Indian educational technology company

TalentSprint is a National Stock Exchange (NSE) Group Company, an EdTech Firm headquartered in Hyderabad, India. Its coding boot camps, executive programs, and hybrid digital learning platform use onsite and online learning experiences. TalentSprint partners with academic institutions and corporations to develop and deliver certificate programs in Artificial Intelligence & Machine Learning, Blockchain, FinTech, and Emerging Tech.

== History ==
TalentSprint was started by Santanu Paul, Madhumurty Ronanki and J. A. Chowdary in 2009. Initially, TalentSprint focused on coding boot camps for young graduates starting careers in the IT industry. Next, it added online job prep programs for banking career aspirants.

TalentSprint started with an initial capital of Rs.2 crore. In 2011, the EdTech firm partnered with the National Skill Development Corporation or NSDC that picked about four percent stake in TalentSprint and raised a debt of Rs.10 crore.
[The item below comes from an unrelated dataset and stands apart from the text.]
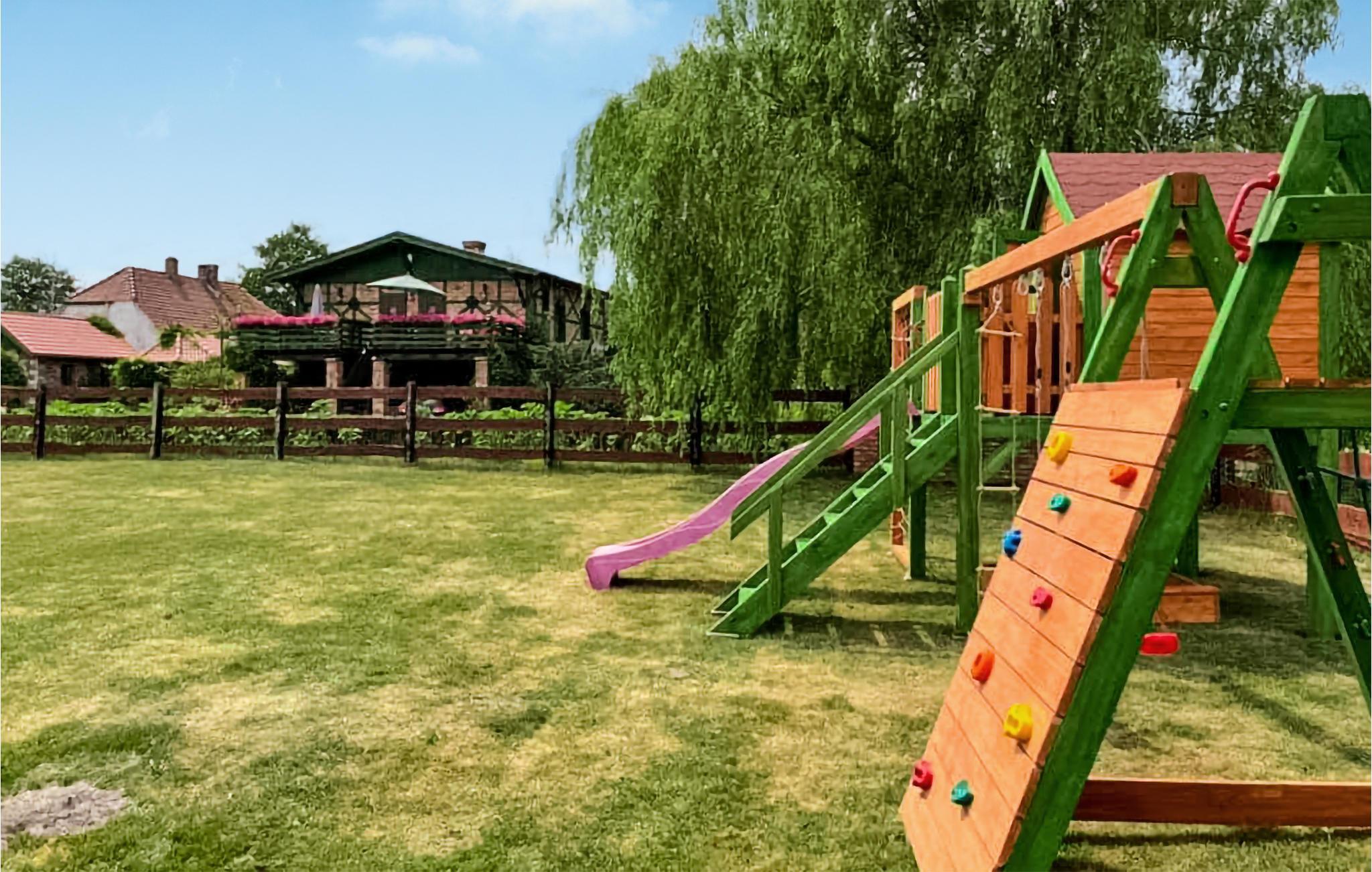 Das Anwesen um das Haus ist sehr einladend, denn ein Teich, in dem Sie auch Angeln können und ein Kinderspielplatz erwarten Sie hier. Auf dem großen Naturgrundstück finden Sie außerdem einen Pavillon und Aussichtsturm am Seeufer vor. Gehen Sie mit Ihrem Pferd ausreiten oder zu Fuß auf Wanderung. Verpassen Sie es auch nicht einen Ausflug nach Leba und die dortige Wanderdüne zu machen. Spazieren Sie auf und erklimmen Sie die Düne und genießen den Ausblick auf den See und die polnische Ostseeküste.

In 2012, it raised Rs. 20 crore in series-A equity funding from Nexus Venture Partners (leading India-US Venture Fund).

In April 2025, Accenture agreed to acquire TalentSprint.

==Partner Institutions ==
TalentSprint partners with academic institutions and companies to design, develop, and deliver deep tech certification programs. As of June 2019, the partners include IIIT Hyderabad, IIT Hyderabad, IIM Calcutta, Pegasystems and Google.